Richard stood slowly and went to the window.
+ How much buried. Dig it up, bury it again. He helped me. Was kind to me. A friend. Now he’s dead he must be. I can’t feel his presence.
Richard’s memory of that day was not clear. The dream hadn’t conveyed the whole story, not the conclusion. Goldsmith’s friend Harriet had come through the door without knocking while Goldsmith and Richard held each other on the couch. She had asked “What’s this?” and dropped a box of groceries on the floor. Then she had broken down in tears while Goldsmith tried to explain that Richard and he were not lovers. Harriet had never really understood; she and Goldsmith had ended their relationship a few weeks later.
Richard parted the window curtains, rubbed his eyes and shook his head, smiling. That had embarrassed the hell out of Goldsmith.
He glanced at the glowing numbers on the bedside clock. Three hundred. In a few hours the sun would rise over the hills and the combs would mete it out to those in their shadow, mirrors spreading the winter dawn, echoing from tower to tower second third and fourth hand, but still sun.

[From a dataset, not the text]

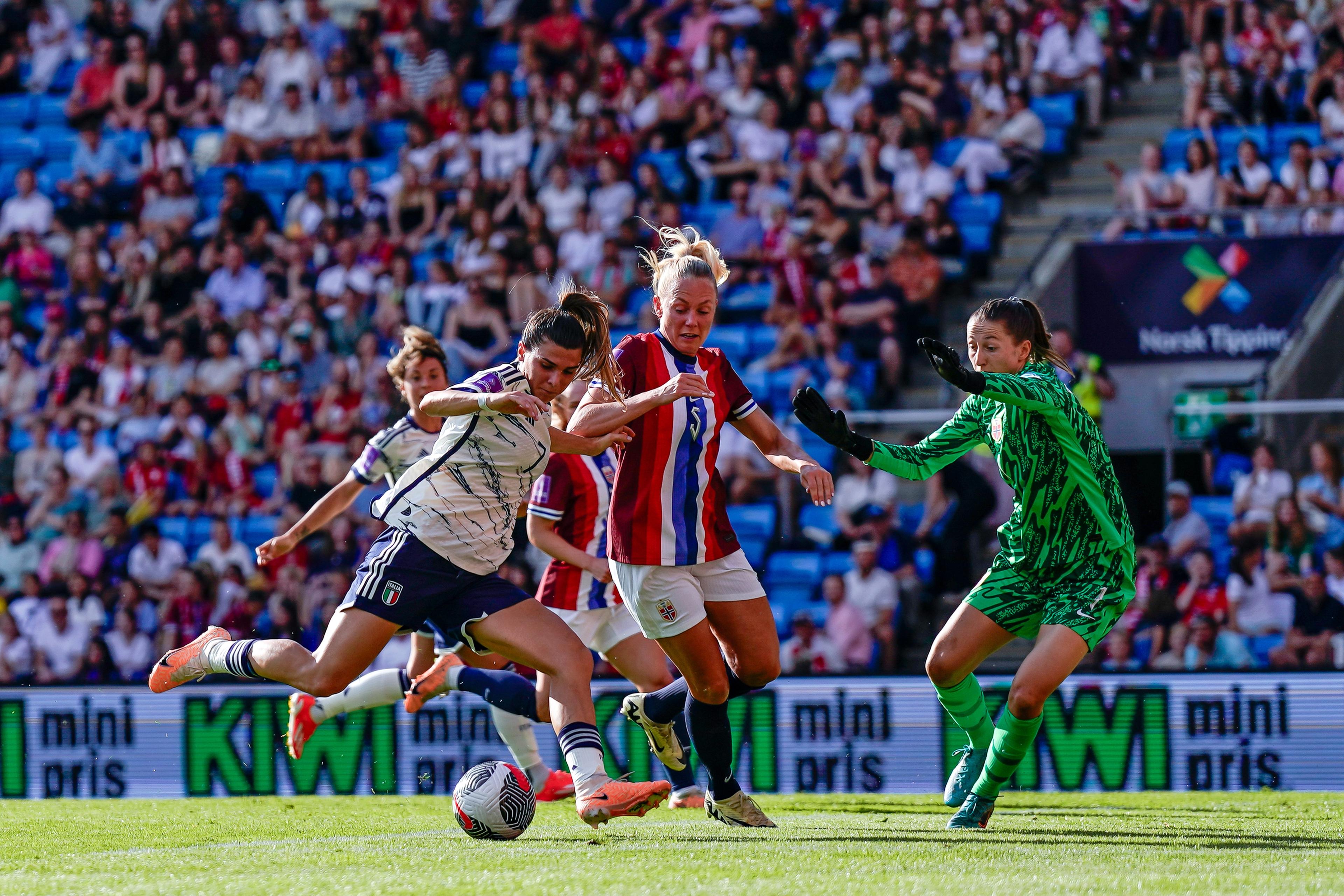 The second half kicked off with Caruso's miracle block, as she slid in to deflect Terland's low shot to deny a certain goal. The game unfolds with continuous end-to-end action, and in the 55', Cantore, perfectly put in by Bonansea, narrowly missed the post with a curling shot from outside the box. Five minutes later, both coaches begin the flurry of substitutions, with Naalsund and Hegerberg coming on for the hosts, while Bonfantini and Dragoni replace the exhausted Bonansea and Greggi. The 17-year-old from Barcelona, in her tenth appearance for the national team, was inspired. On 71', she left a couple of opponents behind and unleashed a rocket that narrowly missed the crossbar.

“Let’s go hunt some sunshine,” he whispered.
55
Mary Choy had pulled a chair across her spacious bedroom to the eastfacing window. Then she had sat and waited for sunrise. The sun had come up an hour after she had awakened, the dawn brief and beautiful from the mansion’s perspective high in the mountains of Hispaniola. With daylight guards and soldiers had gathered in the garden below the window, standing in groups of three or four until they were replaced by the morning watch.